In fact, these proteins constitute a great option as a target for treatments, since due to their location (on the cell surface) they are easily accessible and, due to the genetic nature of cancer (cancerous growths are caused by certain damage to the DNA of the cells that make them reproduce without control) some of them are altered in cancer cells, which allows acting exclusively or preferentially against them without damaging healthy tissue.

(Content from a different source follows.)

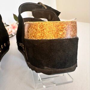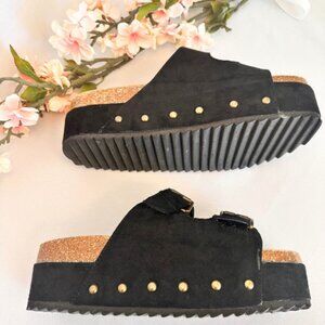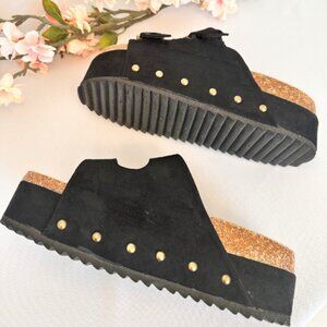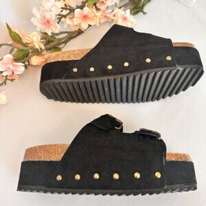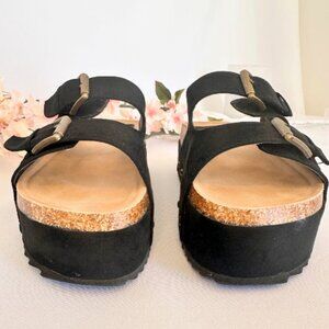 Step into comfort and style with these black, faux suede, platform sandals. These sandals merge the iconic design of classic Birkenstocks with a modern twist, featuring a trendy platform sole that adds a touch of height while maintaining comfort. The faux suede upper provides adjustable straps ensure a perfect fit for all-day wear. Ideal for those who appreciate both fashion and function, these sandals are perfect for casual outings, offering a chic look without compromising on comfort. Embrace a staple that elevates any casual outfit with ease.

Once potential targets have been identified, there are several therapies that can target them. The most appropriate, perhaps, belongs to the branch of immunotherapy, an approach that in recent years has made its way among the traditional options (chemotherapy, radiotherapy, and surgery) due to its good results and its (comparatively) fewer adverse effects. It involves the use of drug-conjugated antibodies (DCA), an antibody attached to a drug, which gives it a 'double' antitumor action.
clinic road
For now, the strategy has been tested in vitro and in animal models, contexts in which it has shown great efficacy and specificity in triple-negative tumors, blocking the replication cycle of cancer cells and even achieving the death of the cells. themselves.
This means that the treatment will still have to go through clinical trials exploring its efficacy and safety in humans before it is considered viable for use in the clinical setting. However, the results obtained so far crown it as a promising option and an example of the latest and vertiginous advances in the oncology field.